We found a VHS tape while visiting my grandmother last summer. My mother, brother, grandmother and I knew there was footage of a past family reunion on it, so we popped it into the video player.
It didn’t start with footage from the reunion.
Nona, my great-grandmother who immigrated to Massachusetts from Naples, Italy, in the early 1900s, sat at a kitchen table. One of her daughters, who is my Great-Aunt Bena, and Nona’s granddaughter Rebecca were asking about her life. In a thick accent, she told the story of coming to the United States with her sister and her mother as a young girl; sometimes she’d slip into Italian and a bit of the story would be lost to us.

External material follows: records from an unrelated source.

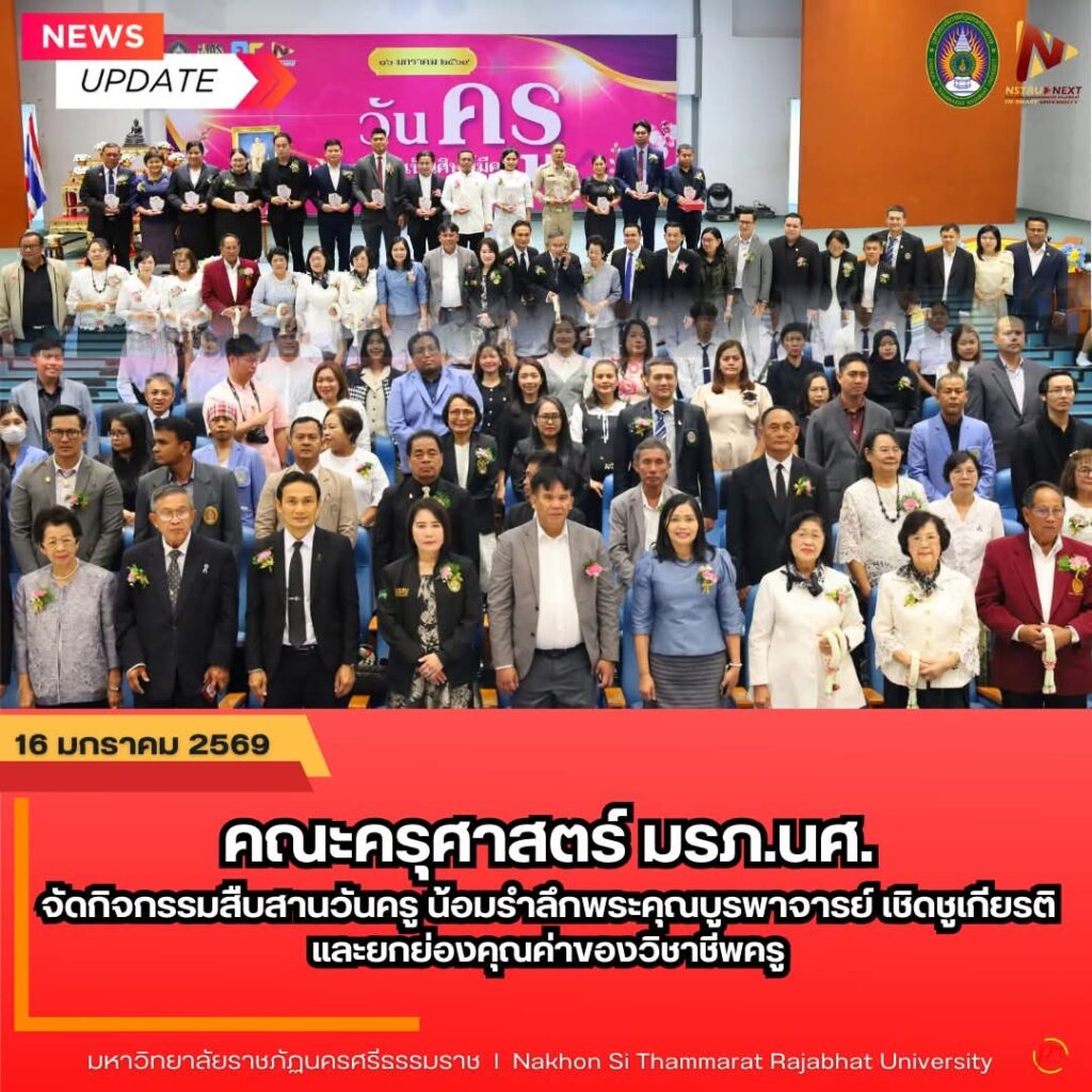 คณะครุศาสตร์ มหาวิทยาลัยราชภัฏนครศรีธรรมราช จัดกิจกรรมสืบสานวันครู ประจำปี 2569 ในวันที่ 16 มกราคม 2569 ณ หอประชุมภักดีดำรงฤทธิ์ มหาวิทยาลัยราชภัฏนครศรีธรรมราช โดยได้รับเกียรติจาก ผู้ช่วยศาสตราจารย์ ดร.วิชิต สุขทร รองอธิการบดี ฝ่ายวิชาการ กิจการนักศึกษา และงานบุคคล เป็นประธานในพิธี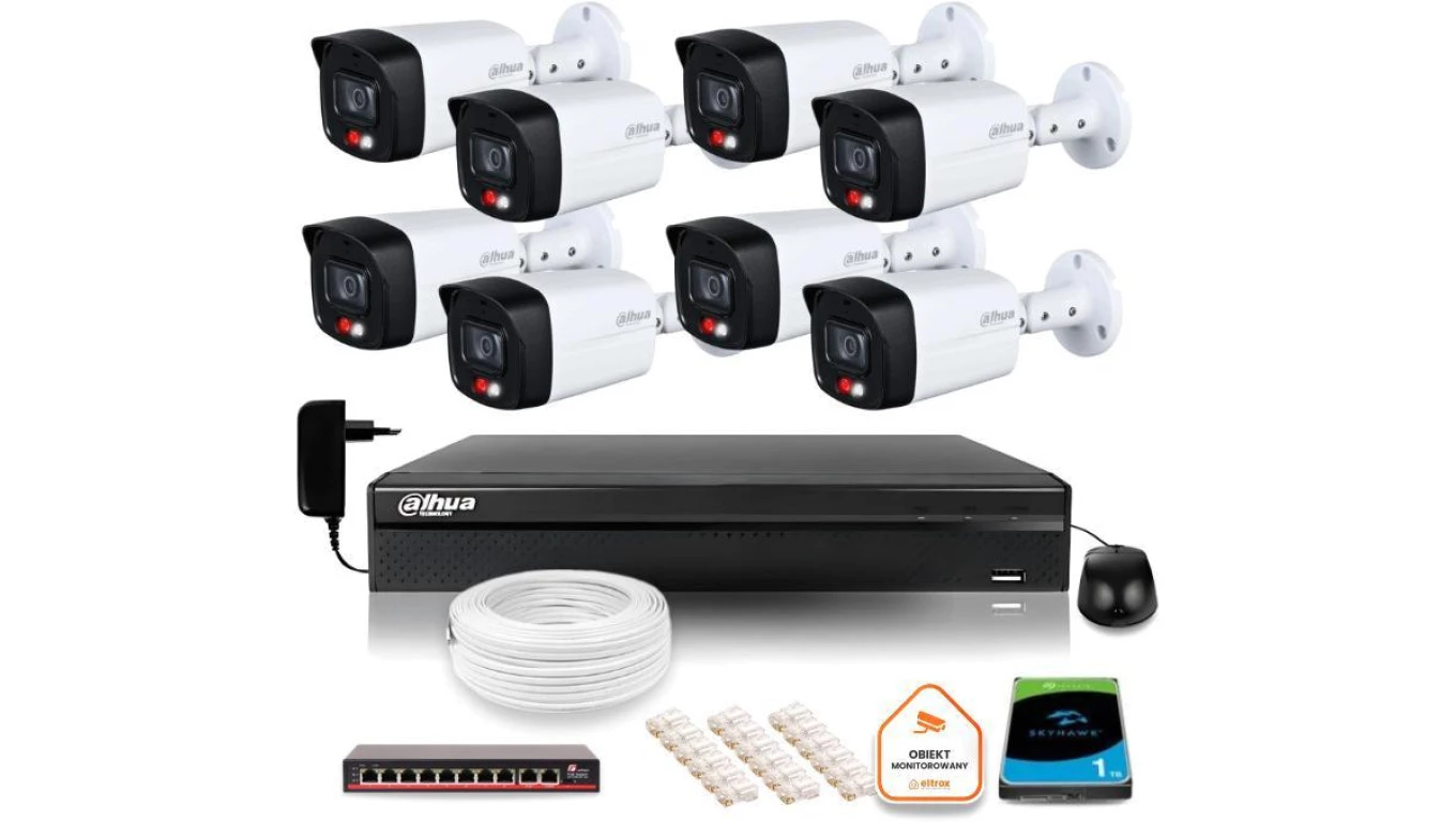 Zestaw monitoringu IP Dahua 2MPx 8 Kamer zewnętrznych Smart Dual Light IR LED 30m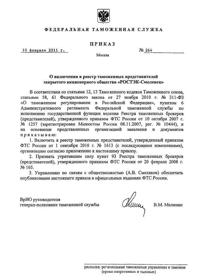 ПРИКАЗ ФТС РФ от 10.02.2011 N 264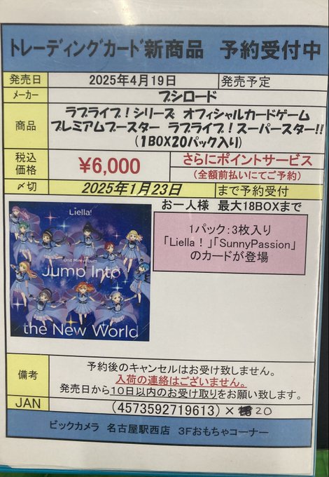予約情報ラブライブ!シリーズオフィシャルカードゲーム(通称:#ラブカ)のパック商品第二弾『プレミアムブースターラブライブ!スーパースター』のご予約受付中予約受付期間:1/23(木)まで※上限:おひとり..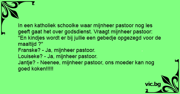 In een katholiek schoolke waar mijnheer pastoor nog les geeft gaat het over godsdienst. Vraagt mijnheer pastoor: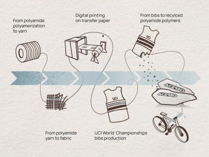 З нагоди чемпіонату світу з велоспорту UCI 2023 р., який пройде з 3 по 13 серпня Шотландії, Міжнародна спілка велосипедистів обрала компанію Santini для виготовлення нагрудників із матеріалів, придатних для вторинної переробки. Судді, волонтери, комісари та інший персонал та акредитовані фотографи носитимуть їх упродовж усього заходу.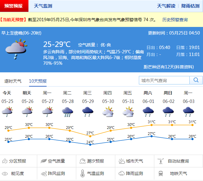 記者從深圳市氣象臺獲悉,25日大部分時(shí)間以陰天間多云為主,有短時(shí)陣雨或雷陣雨,局部地區(qū)雨勢較大,短時(shí)陣雨大概率出現(xiàn)在中午之后;氣溫25-29℃,中午時(shí)段體感相對較熱;南風(fēng)清勁,沿海和高地最大陣風(fēng)6-7級;相對濕度70%-95%,空氣濕度較大,略顯悶熱。26-27日多云為主,有短時(shí)(雷)陣雨,局部地區(qū)雨勢較大;展望28日前后有一場強(qiáng)雷雨過程。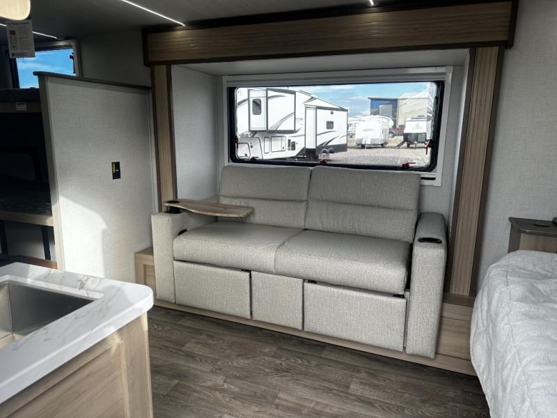 Built for maximum exploration and all types of camping, you are going to love the Outback OBX travel trailers. Each feature a NORCO NXG frame, Dexter TORFLEX® torsion axles for a smooth ride, and Hyperdeck® high-performance water-resistant flooring for years of use. A heated and enclosed underbelly with full Astrofoil insulation on the roof, front cap and underbelly all make it easy to camp in any season. These units features a solar-compatible 12V refrigerator, a Girard® on-demand tankless water heater, a Bluetooth outdoor speaker, and exterior shower. For more off-road capabilities you can add the following options: rugged, BAL by Norco independent suspension, knobby mud tires, a Y-design front hitch bike rack, plus two 100 Ah Dragonfly energy lithium-ion batteries to power your off-road excursions. There is also an optional back-up camera and optional solar panels. Come choose your model today.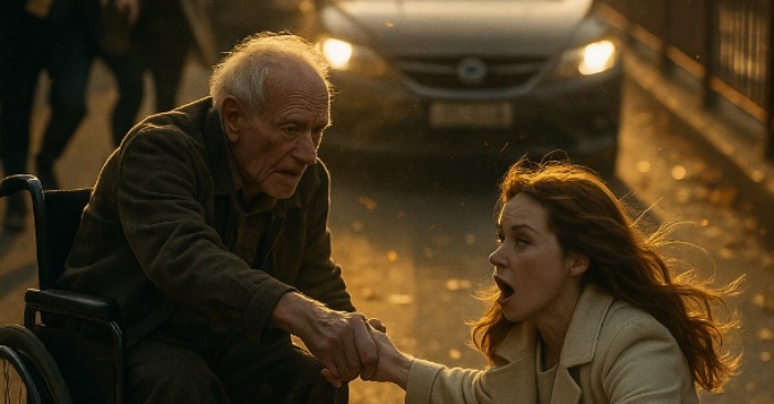 Han satt på kanten av fortauet – en gråhåret mann i en gammel rullestol, ubevegelig, som en del av landskapet. På knærne hadde han en bok uten bokmerke, som han ikke lenger åpnet.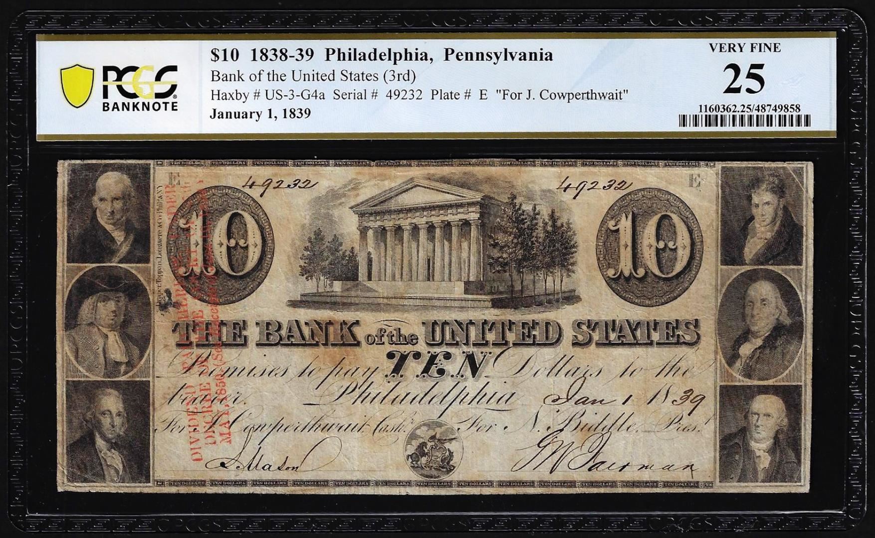 One 1838-1839 $10 Bank of the United States Philadelphia Obsolete Note PMG Very Fine 25. PCGS Graded.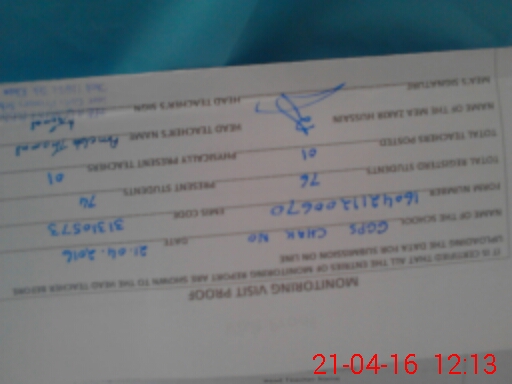 | Monitoring Date: 21-04-2016 | Start Time: 21-04-2016 11:49 AM | End Time: 21-04-2016 12:14 PM | Name of MEA: Za**** Hu**** | |
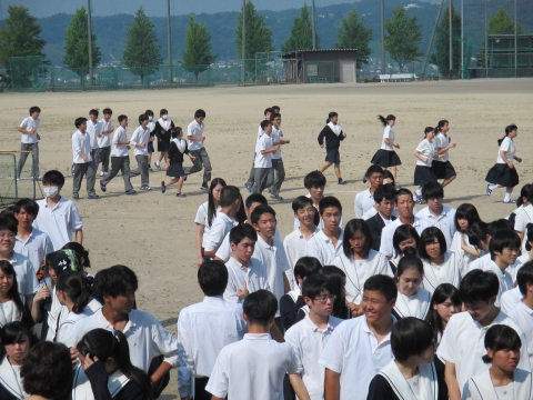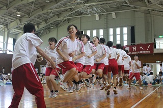 7月18日、今年度前期スポーツ大会が盛大に行なわれました。今年の種目は女子バレー、男子サッカー、クラス対抗綱引きと大繩跳びでした。体育館にてバレー競技、運動場ではサッカー競技に多くの生徒が熱戦を繰り広げ、また応援の生徒たちも拍手と歓声で大いに盛り上がりました。三年生にとっては、最後のスポーツ大会になり、忘れられない思い出が一杯詰まった行事になったことでしょう。

It was the first time I heard the voices of four generations in one room.
Then the video cut to the reunion. We all fell into a specific role for watching: my brother laughed at the snarky jokes the cousins exchanged; my mom would comment on how young everyone looked and how little some had changed; I stared hungrily at every frame that contained my grandfather, who I had so few memories of outside the hospital visits when I was little; and my grandmother named everyone who appeared — a difficult feat for someone watching a fuzzy video of more than 50 people.
She’s the only one left who can do that.
As I grew up, my grandmother’s sisters were diagnosed with dementia, and one by one their memories begin slipping away. Her brother Tony and sister Lily died when I was young, so I remember very little of them.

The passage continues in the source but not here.